China’s slowdown really hit home last month, with Singapore’s shipments to the country taking the biggest hammering in seven years.
Non-oil domestic exports (Nodx) to China plunged 25.2 per cent last month over January last year, in the wake of falling demand and a shift towards domestic production on the mainland.
The dismal numbers on China were the low point of a bleak picture last month, with overall Nodx down 9.9 per cent year on year.
This was worse than the market forecast of a 7.6 per cent decline and a sharp fall from last December’s 7.2 per cent contraction, according to data from trade agency International Enterprise Singapore yesterday.
Nodx to all of Singapore’s top 10 markets except the European Union and Malaysia fell last month.
QUICK TURNAROUND POSSIBLE
This downturn is cyclical. Over the years, the economic cycles have become shorter, and the turnaround could be faster than we imagine.
MR DOUGLAS FOO, president of the Singapore Manufacturing Federation.
China led the decline, while shipments to Taiwan plunged 26.5 per cent and those to South Korea were down 14.8 per cent.
“The impact from the slowdown in China could be more broad- based than what many had expected,” said DBS economist Irvin Seah, noting that China is the largest import partner for Singapore, South Korea and Taiwan.
“When China sneezes, the whole world catches a cold. But Singapore will probably catch it worse than others because of its small, open economy,” he said.
As if to underscore the plight of the export sector yesterday, Changi Airport Group unveiled $14 million in cost relief for its cargo partners as “feeble world trade and a slowdown in China’s economy” have dampened shipments.

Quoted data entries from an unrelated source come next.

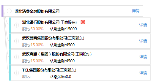 不同于重庆的马上消费金融公司,武汉的湖北消费金融公司是由银行控股的,湖北银行占50%股权,认缴金额为1.5亿元,其他股东包括武商集团等公司。
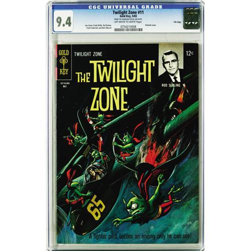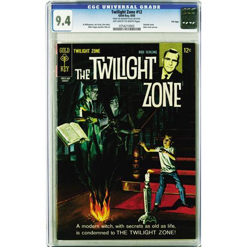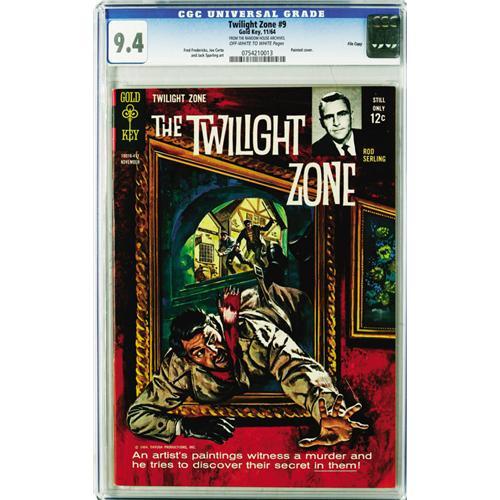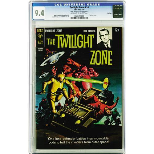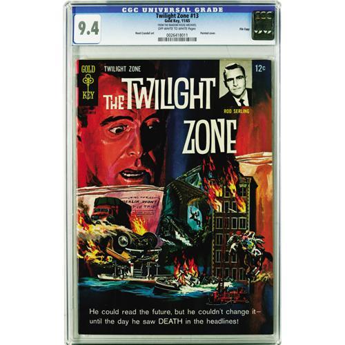<B>Twilight Zone File Copies CGC Group (Gold Key, 1964-73)</B></I>. All issues in this group are CGC 9.4 except for a few 9.6 copies as noted below. All are certified with "off-white to white" page quality unless otherwise noted. Included here are #9 (CGC census 4/06: 5 in 9.4, none higher), #11 (3 in 9.4, 1 higher), #12 (2 in 9.4, none higher), #13 (7 in 9.4, none higher), #14 (5 in 9.4, 3 higher), #15 (3 in 9.4, 2 higher), #17 (2 in 9.4, 2 higher), #19 (7 in 9.4, 2 higher), #21 (5 in 9.4, 5 higher), #22 (off-white pages; 9 in 9.4, none higher), #23 (6 in 9.4, none higher), #24 (off-white pages; 7 in 9.4, none higher), #25 (6 in 9.4, 3 higher), #26 (5 in 9.4, 11 higher), #29 (two copies, both CGC 9.6; 9 in 9.6, none higher), and #48 (white pages; 2 in 9.6, none higher). Overstreet 2006 NM- 9.2 value for group = $855. <I>From the Random House Archives.</B></I>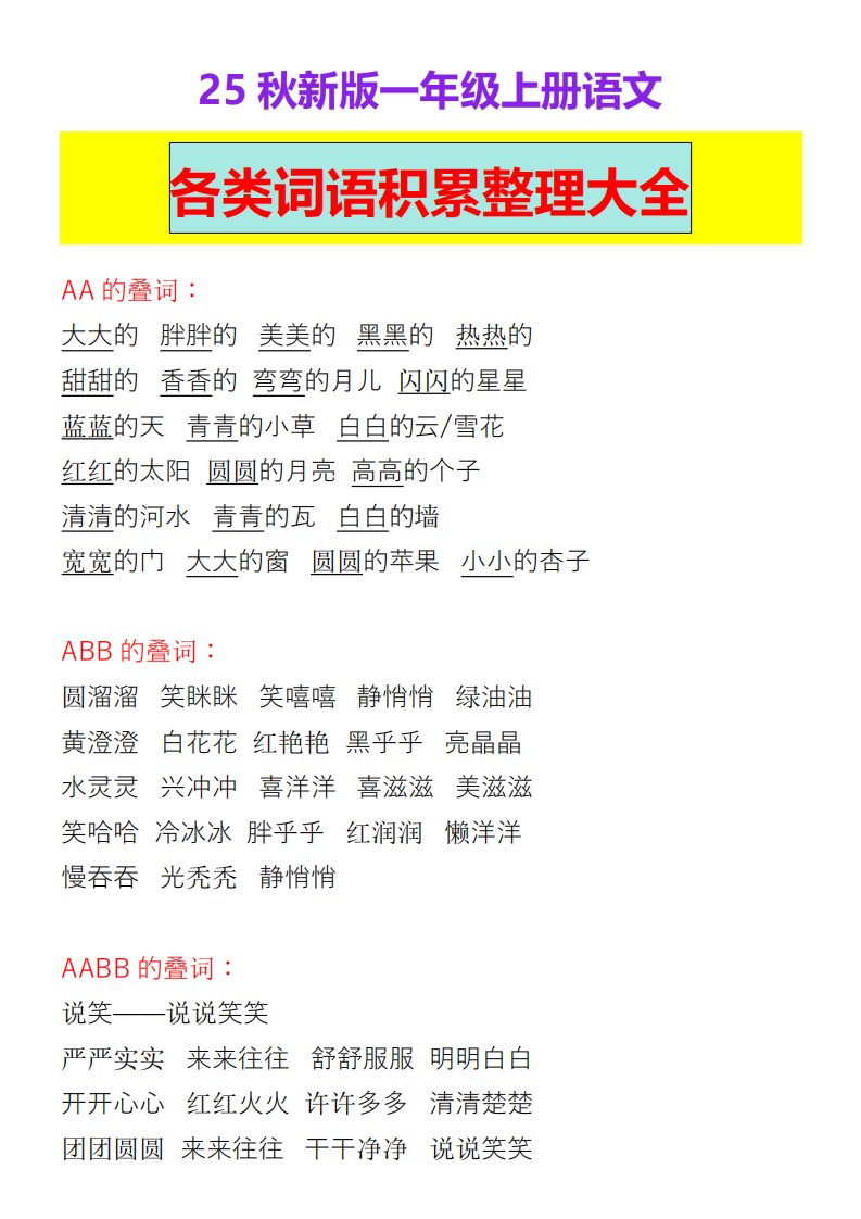 当前位置: 首页小学资源小学一年级正文 【2025秋新版】一年级上册语文各类词语积累整理大全_共2页 小学一年级 2 周前 0 0 5 以上为部分内容预览,如需源文档请登录您的会员账号进行下载! 声明:本站所有文章,如无特殊说明或标注,均为本站原创发布。任何个人或组织,在未征得本站同意时,禁止复制、盗用、采集、发布本站内容到任何网站、书籍等各类媒体平台。如若本站内容侵犯了原著者的合法权益,可联系我们进行处理。 尚学资源永久会员 打赏 收藏 海报 链接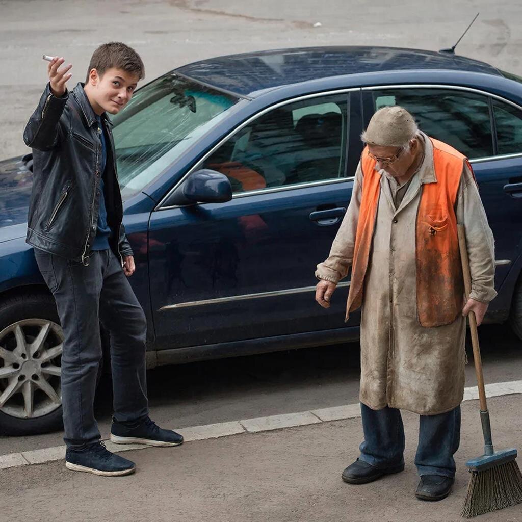 Дима молчал, не в силах вымолвить ни слова. Он смотрел на отцовские руки, сжимающие метлу, на его старую куртку, на грязь под ногтями. В голове не укладывалось, что этот человек, стоящий у помойки, — его отец.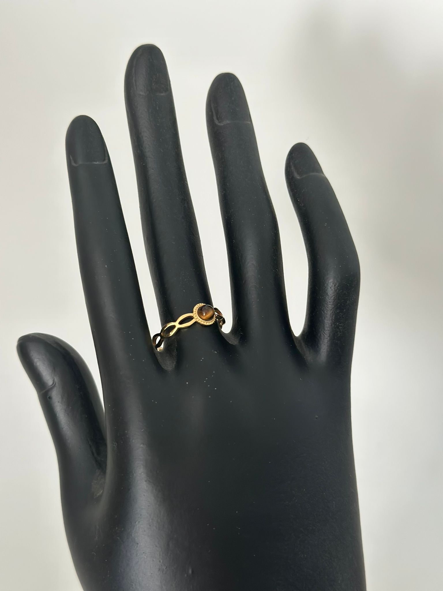 Este anillo con piedra Ojo de tigre es una pieza elegante y única que combina la belleza de la piedra natural con la resistencia del acero inoxidable. La piedra Ojo de tigre es una piedra semipreciosa con un patrón de bandas de color marrón y dorado que se asemejan a los ojos de un tigre. Se cree que tiene propiedades protectoras y curativas, y que ayuda a atraer la buena suerte y la prosperidad.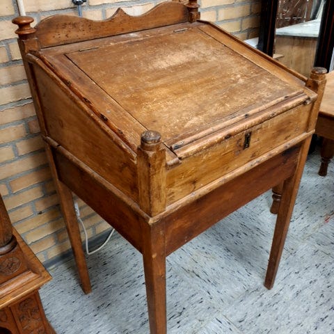 Produktet er en skrivepult i træ med flere skuffer og en nedfældelig skriveflade. Den har en rustik overflade.,Afhentes i:,Røde Kors Bellinge (461),Bemærk at mail, chat og beskeder ikke besvares, og varen skal købes på knappen "Gå til varen"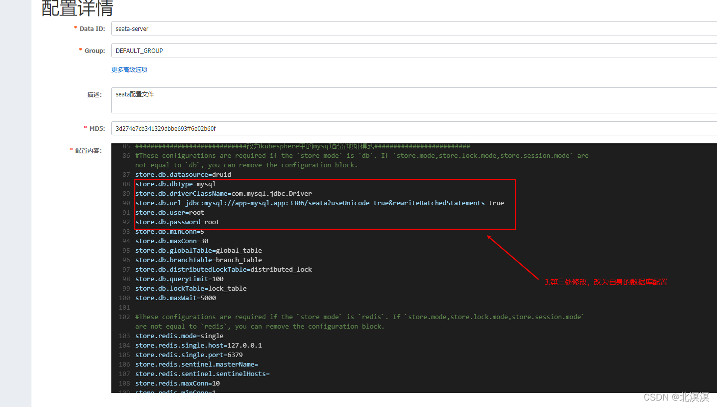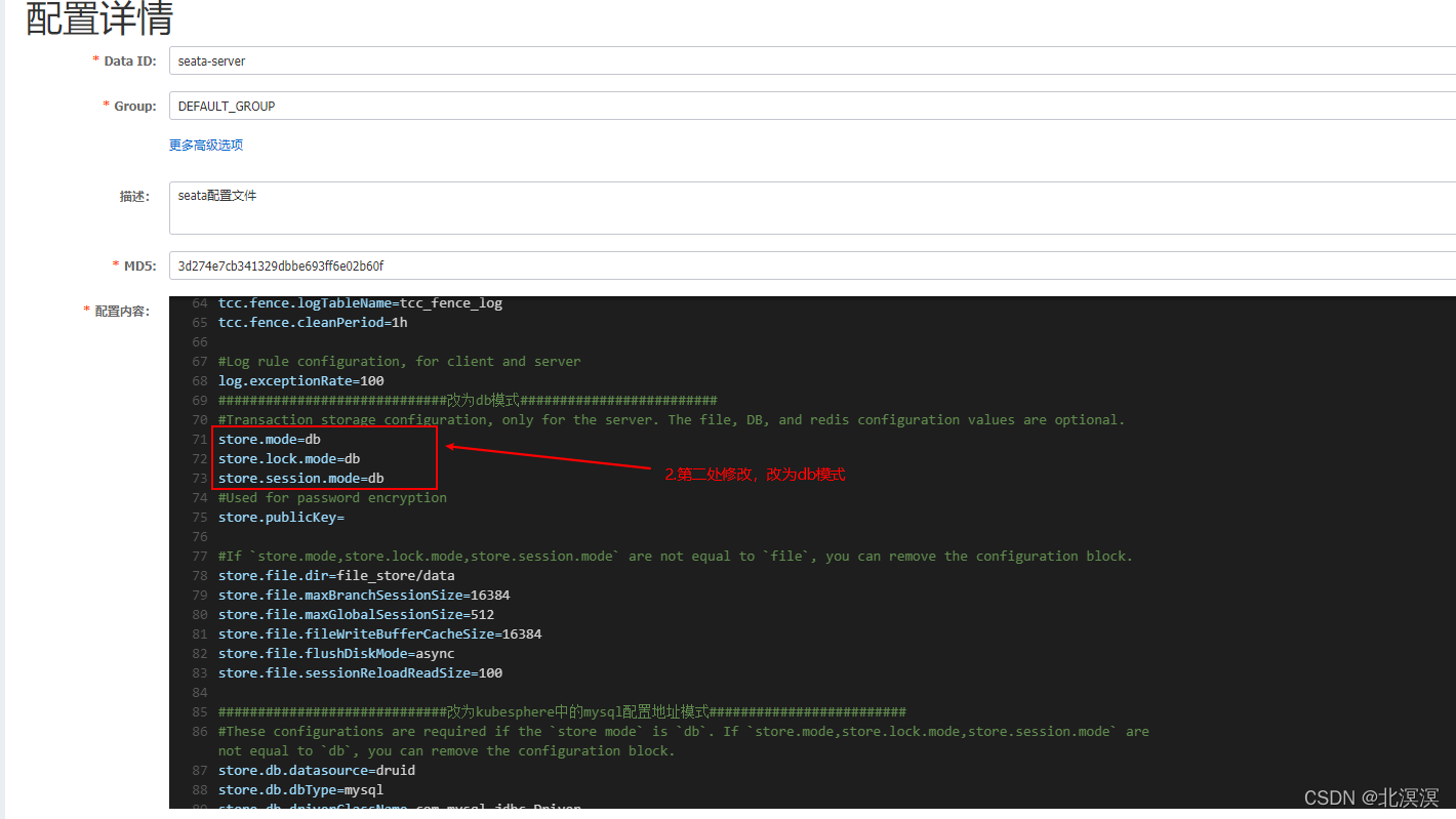 - 需要修改seata的配置文件为数据库模式,修改后如下,标注的地方是需要修改的地方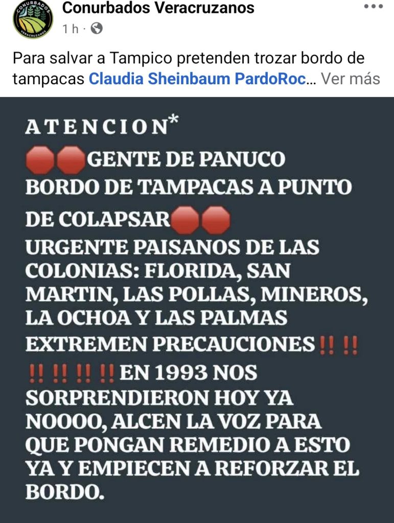 La ruptura del bordo es totalmente falsa, se desconoce si el director estatal este ordenando estas acciones que buscan desestabilizar al pueblo de Pánuco. Sabrá la gobernadora Rocío Nahle de estas acciones.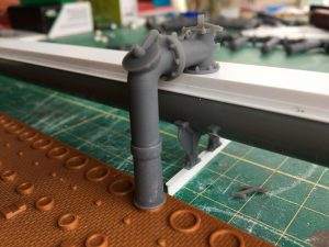 45 degree Segmented Elbow for Walthers BF Tubing. Manufactured with sockets for 1/16″ rare Earth magnets, so that joining tubing can be magnetized to the joint, rather than glued. This makes the tubing removable for cleaning or moving the models. $5.00ea.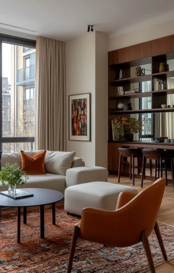 Замена мебели с четкими линиями и острыми углами на предметы с более плавными органическими формами также привнесет в пространство мягкость и комфорт.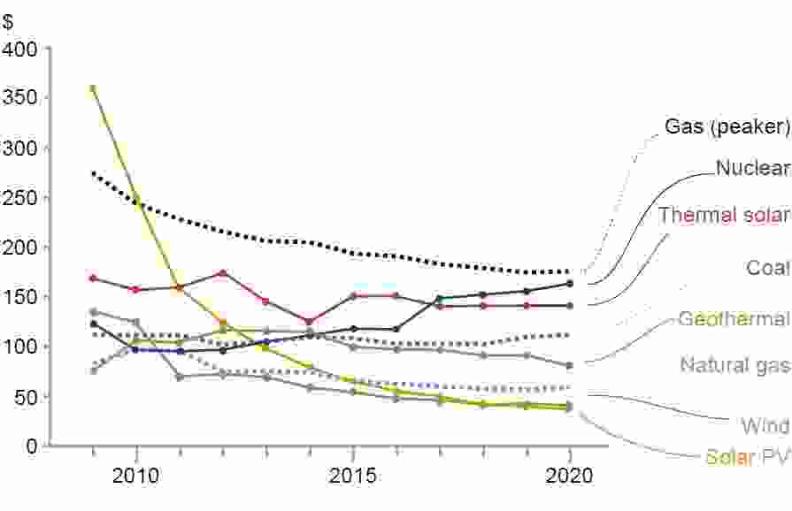 LCOE of energy from fossil and renewable sources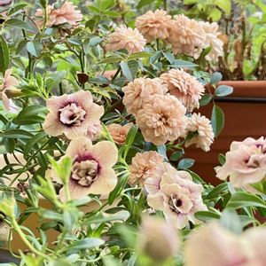 8月も終わりますね。まだまだ暑いのですが、もう秋になるのでミニバラの夏剪定をしようと思います☝️ その前に撮影📷 1️⃣タマラだけは玄関に。 4️⃣その他のベランダ組の様子。 以下、余談を。 ・今日のお花のギボウシを投稿したいのですが、夏越し中で映える写真はありません😅 ・我が家の庭、今年はコガネムシ🪲の幼虫🐛の食害が多い💦最近、緊急植え替えを2鉢しました😣 (植え替えたのはバラではなくて、ゼラニウムとヒューケラです)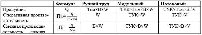 ПW = ТУК × W. В СССР и сейчас для планирования производства применяется оперативное нормирование труда, однако развитие экономики предприятий, рабочих мест осуществляется в отрыве от нормирования на основе показателя сменная производительность, по формуле: ПS=
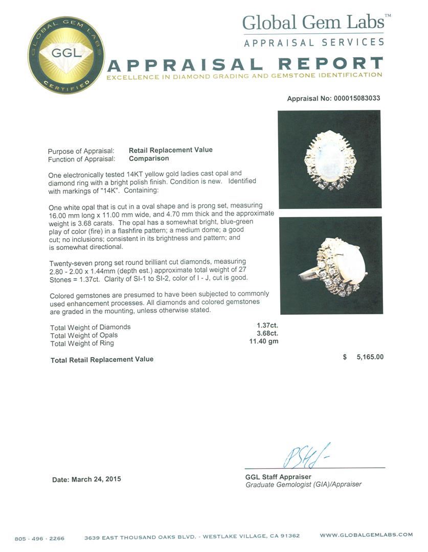 One electronically tested 14KT yellow gold ladies cast opal and diamond ring with a bright polish finish. Identified with markings of "14K". Condition is new. Containing: One white opal that is cut in a oval shape and is prong set, measuring 16.00 mm long x 11.00 mm wide, and 4.70 mm thick and the approximate weight is 3.68 carats. The opal has a somewhat bright, blue-green play of color (fire) in a flashfire pattern; a medium dome; a good cut; no inclusions; consistent in its brightness and pattern; and is somewhat directional. Twenty-Seven prong set round brilliant cut diamonds, measuring 2.80 - 2.00 x 1.44mm (depth est.) approximate total weight of 27 Stones = 1.37ct. Clarity: SI-1 to SI-2. Color: I - J, Cut is Good. Colored gemstones are presumed to have been subjected to commonly used enhancement processes. All diamonds and colored gemstones are graded in the mounting, unless otherwise stated. Total Weight of Diamonds 1.37ct. Total Weight of Opals 3.68ct. Total Weight of Ring 11.40 grams. GGL Appraised at $5,165.00.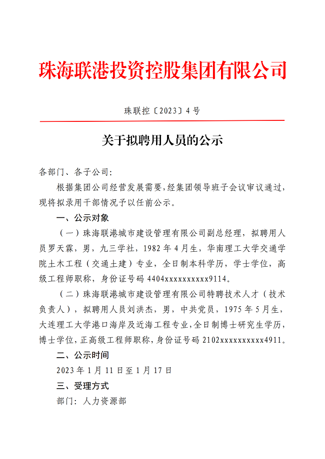 珠聯(lián)控〔2023〕4號 關于擬聘用人員的公示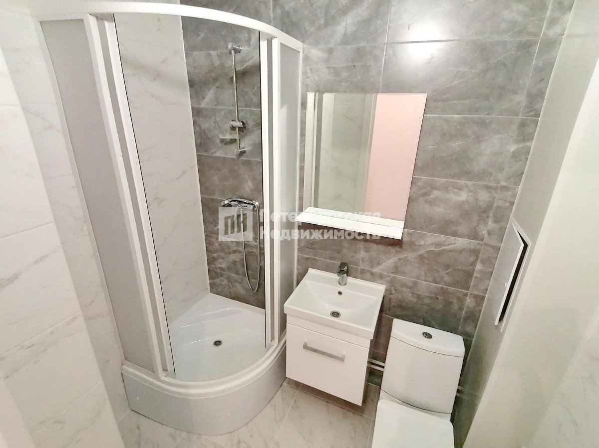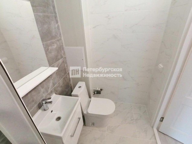 Отделка Nord Line с керамической плиткой Kerama Marazzi, системой «теплый пол», сантехникой европейских брендов. В прихожей и ванной ниши под шкаф.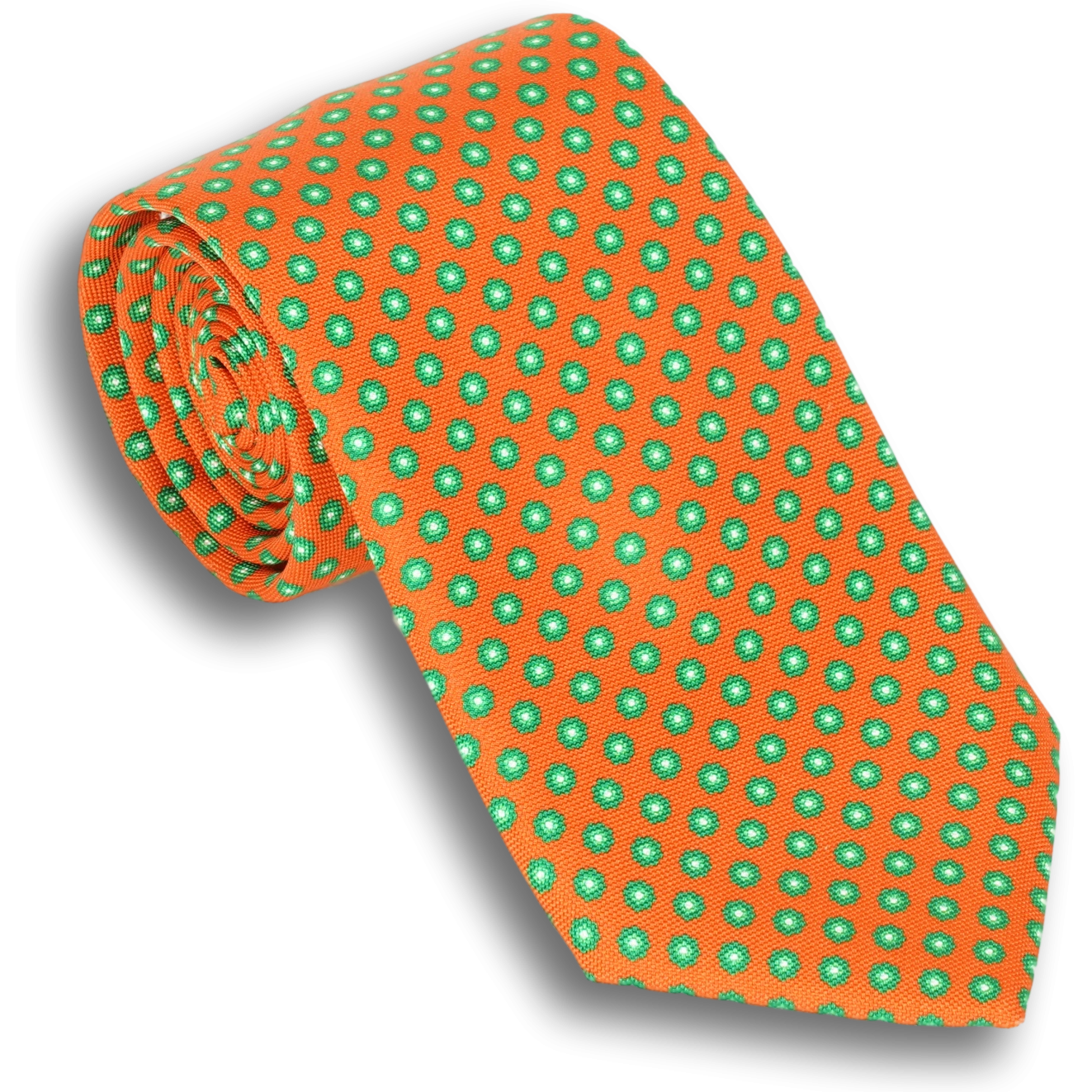 Orange with Shades of Green Dotted Silk Tie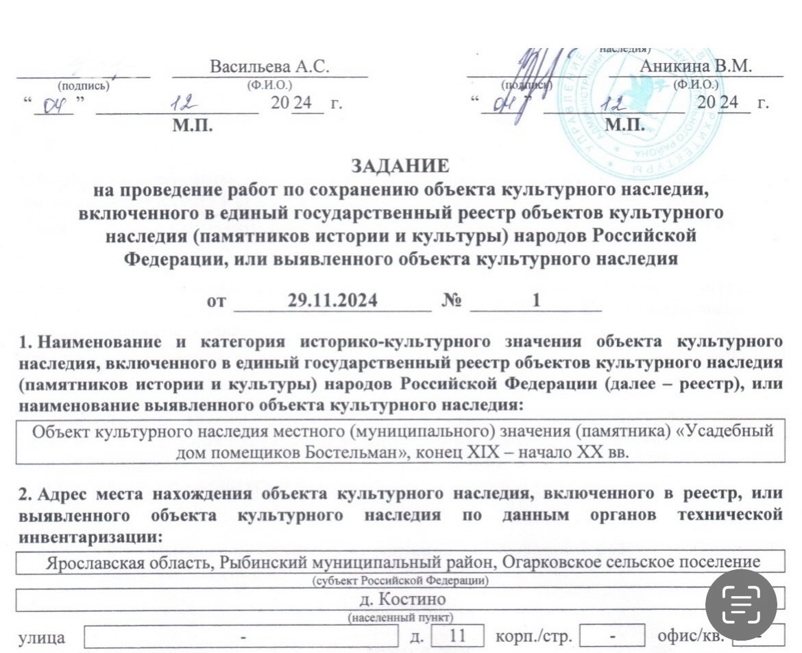 Имеем все шансы попасть в историю как не самые приятные «клиенты» для гос служащих 😀 Мы писали уже ранее целые опусы про всякие кадастровые походы, как мы делили комплекс зданий, как мучалась сотрудница МФЦ, потом - РосКадастра, как Наталья Сергеевна из местной администрации выписывала десять постановлений на присвоение адресов на каждое здание. Самая свежая задачка от нас уже по части документов, связанных с сохранением Усадебного дома, прилетела в управление архитектуры Рыбинского района. 14 ноября мы направили заявление на выдачу задания на реставрацию (раньше у нас было задание на ремонт), вчера мы его получили. Без него нельзя готовить документы для работ. Если вы приглядитесь к номеру задания… Мы первые. Первые не просто в этом году, а вообще первые в районе. Специалист Анастасия разбиралась в новой для себя теме работы с памятниками. И могу сказать, что это не последнее обращение по Усадьбе 😊 скоро наши реставраторы придут за разрешениями на шурфы и зондажи. 🌲🌲🌲 Пуст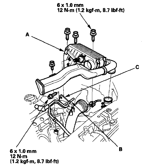8. Remove the breather pipe (A) and brake booster vacuum hose bracket (B) from the air cleaner housing, then remove the air cleaner housing/ intake air duct assembly (C).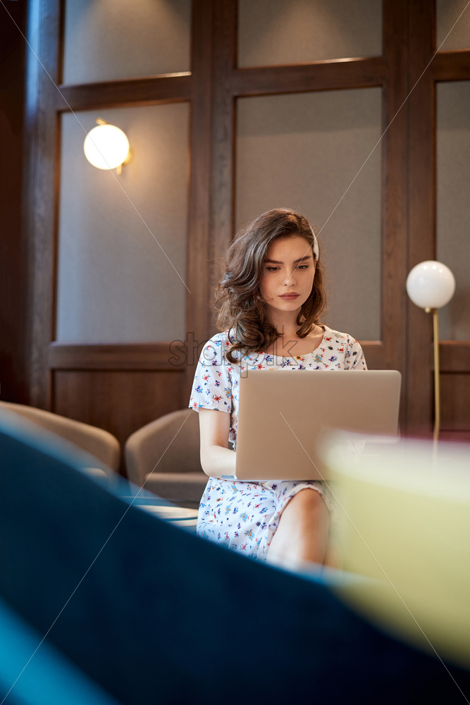 Young cute girl in dress working on a laptop in coffee shop. Sitting on couch. Loft interior Royalty Free Stock photo

Last month’s weak exports raise the risk of the Singapore economy tipping into recession, economists said. Not only have exports to China slowed to a pace not seen since the last recession, but bleak data over the past few weeks is also already giving some economists a sense of deja vu.
“Manufacturing is contracting at a rate we last saw during the last financial crisis. Jobs growth is contracting at the same rate. Services were resilient last year, but now there are signs that services are starting to buckle,” said Bank of America Merrill Lynch economist Chua Hak Bin, citing the recurring job cuts in the financial service sector.
Meanwhile, loan growth contracted 1.2 per cent last December, the weakest pace since March 2000, said Mr Seah.
Some economists are tipping that the Monetary Authority of Singapore (MAS) may let the Singapore dollar ease slightly at its April meeting as pressure mounts for the central bank to provide some cushion to the economy.
But Dr Chua expects the MAS to stand pat and wait for a clearer picture to emerge.
“Confirmation will come in July or August when the data is out. The MAS tends to be more reactive than pre-emptive, unless the data turns out very ugly in the coming months,” he said.
Mr Seah said the MAS tends to be more accommodative only when the economy is already in recession. “We’re inching closer and closer to the edge, but we haven’t fallen off yet.”
Firms have been feeling the crunch for months now.
“Since last year, the tempo has been slowing down. Overall, it is not something unexpected,” said Singapore Manufacturing Federation president Douglas Foo.
But he was upbeat, calling this an “apt time” for bosses to do some business-model innovation and ready themselves for the upswing.
“This downturn is cyclical. Over the years, the economic cycles have become shorter, and the turnaround could be faster than we imagine,” he said.